By AI News Crypto Editorial Team9 min read

Les agents de trading crypto AI sont des systèmes autonomes utilisant des outils qui prennent un objectif que vous tapez en anglais simple et le transforment en actions multi-étapes à travers des échanges, des portefeuilles et des lieux on-chain.

L'avantage réside moins dans des « signaux plus intelligents » et plus dans le contrôle d'une couche d'exécution qui peut être trompée par un contexte non fiable, une intention mal spécifiée ou une mémoire empoisonnée.

Points clés

DCA

, boucles d'« arbitrage » simples, et scripts d'alerte à commande. C'est le modèle classique de robot de trading.L'utilisateur définit des conditions et des paramètres, le robot surveille un flux de prix, et il passe des commandes lorsque la règle se déclenche.

C'est rapide et prévisible, mais il ne peut pas réinterpréter le plan lorsque le régime du marché change à moins que l'utilisateur ne change les règles.Les agents de trading AI changent l'interface et la frontière de responsabilité. Au lieu de configurer un tableau de bord stratégique, l'utilisateur écrit l'intention en langage naturel et l'agent décide quelles actions entreprendre pour la satisfaire. Cela peut ressembler à « rééquilibrer mon livre de spots », « réduire l'exposition si le financement augmente », ou « couvrir ce risque d'événement », suivi par l'agent vérifiant les données, sélectionnant des instruments, et plaçant ou modifiant des commandes. C'est pourquoi « les agents AI ne sont que des robots de tradingavec ChatGPT » est une erreur de catégorie. L'agent n'exécute pas seulement. Il sélectionne et séquence des actions.La conséquence importante est opérationnelle, pas philosophique. Les modes de défaillance d'un robot de trading se regroupent autour de mauvais paramètres, de mauvaises données ou d'une connexion d'échange défaillante. Les modes de défaillance d'un agent de trading autonome incluent ceux-ci, plus l'interprétation erronée de l'intention et l'utilisation abusive des outils. Si l'agent peut naviguer, lire des flux sociaux, et aussi déplacer de l'argent, le modèle de menace s'élargit de « la stratégie a-t-elle fonctionné » à « l'agent peut-il être dirigé ». C'est pourquoi la posture gagnante traite un agent de trading AI comme un trader junior : utile, rapide, et absolument pas digne de confiance avec une discrétion ouverte.

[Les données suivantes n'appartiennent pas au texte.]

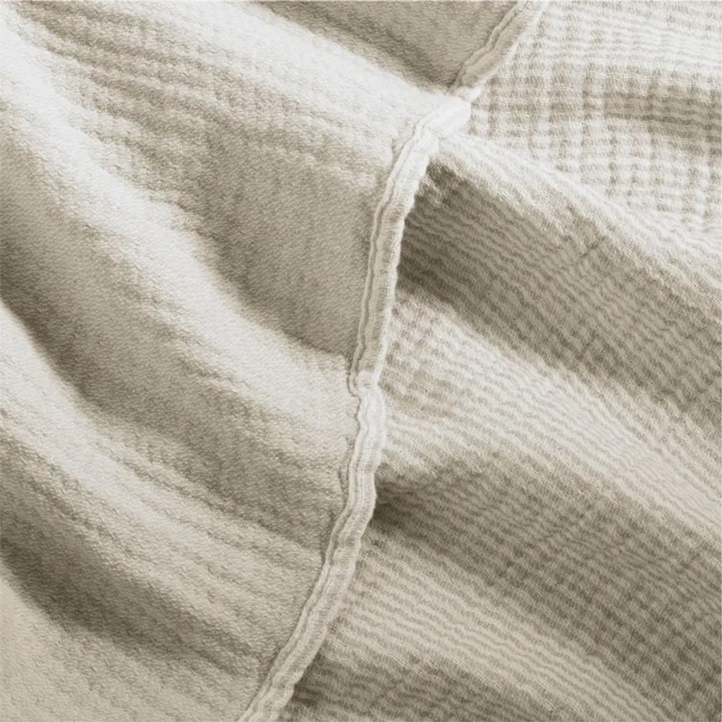 Reversible Stripe Gauze 80"x80" Taupe Brown And Arctic Ivory Bed Blanket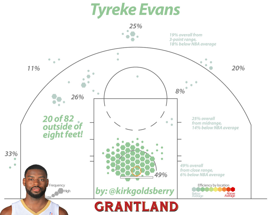 Я не в состоянии согласовать два этих факта: как игрок, столь хорошо исполняющий штрафные, может так ужасно атаковать с игры. К его чести, Эванс кажется достаточно умным и не бросает джап-шоты пачками, но это бесполезно. Его штрафные показывают, что у Тайрика достаточно мягкая кисть, но при бросках с ведения что-то нарушается в механике броска. Кажется, что хороший тренер сможет это поправить, и, если Эванс начнет попадать броски со средним для лиги процентом, общий уровень его игры заметно повысится. Он умеет почти все в атаке, но отсутствие хорошего броска с дистанции позволяет его опекунам активнее защищаться от прохода Тайрика.

Le mécanisme derrière le trading agentiqueTrois couches se trouvent entre une instruction tapée et une commande remplie : interprétation, planification et appels d'outils. La partie que la plupart des utilisateurs remarquent est l'interface utilisateur de chat. La partie qui compte est la frontière des outils où les mots deviennent des écritures d'API.Un flux typique ressemble à ceci :

1. L'utilisateur fournit une intention. Un bon prompt ressemble à un ticket de commande : instrument, lieu, direction, taille, durée de validité, maximum de

glissement

, et conditions explicites « ne rien faire à moins que X ». 2. L'agent interprète et planifie. Il décompose l'objectif en sous-tâches comme « vérifier les soldes », « tirer le prix du marché », « choisir le type de commande », « passer la commande », et « vérifier la position ». 3. L'agent exécute via des outils.

Ces outils sont généralement emballés sous forme de « compétences », ce qui signifie des modules standardisés qui exposent des fonctions comme passer une commande, annuler une commande, interroger des positions, ou déplacer des fonds. 4. Les mesures de sécurité décident si l'écriture se produit. C'est là que résident les portes de confirmation, les avertissements de taille, les défauts de testnet, et la définition des permissions.

Deux mises en œuvre concrètes montrent ce que signifient les « compétences » sur un écran. Le Hub AI de Bybit est décrit comme connectant des assistants AI à 274 points de terminaison API Bybit et nécessitant une étape de CONFIRMATION tapée pour les actions d'écriture, avec des avertissements supplémentaires pour les grandes commandes.

WEEX décrit les « Compétences d'Agent » comme une interface de capacité standardisée où les développeurs emballent des fonctions d'outils dans des modules de compétences appelables via le langage naturel.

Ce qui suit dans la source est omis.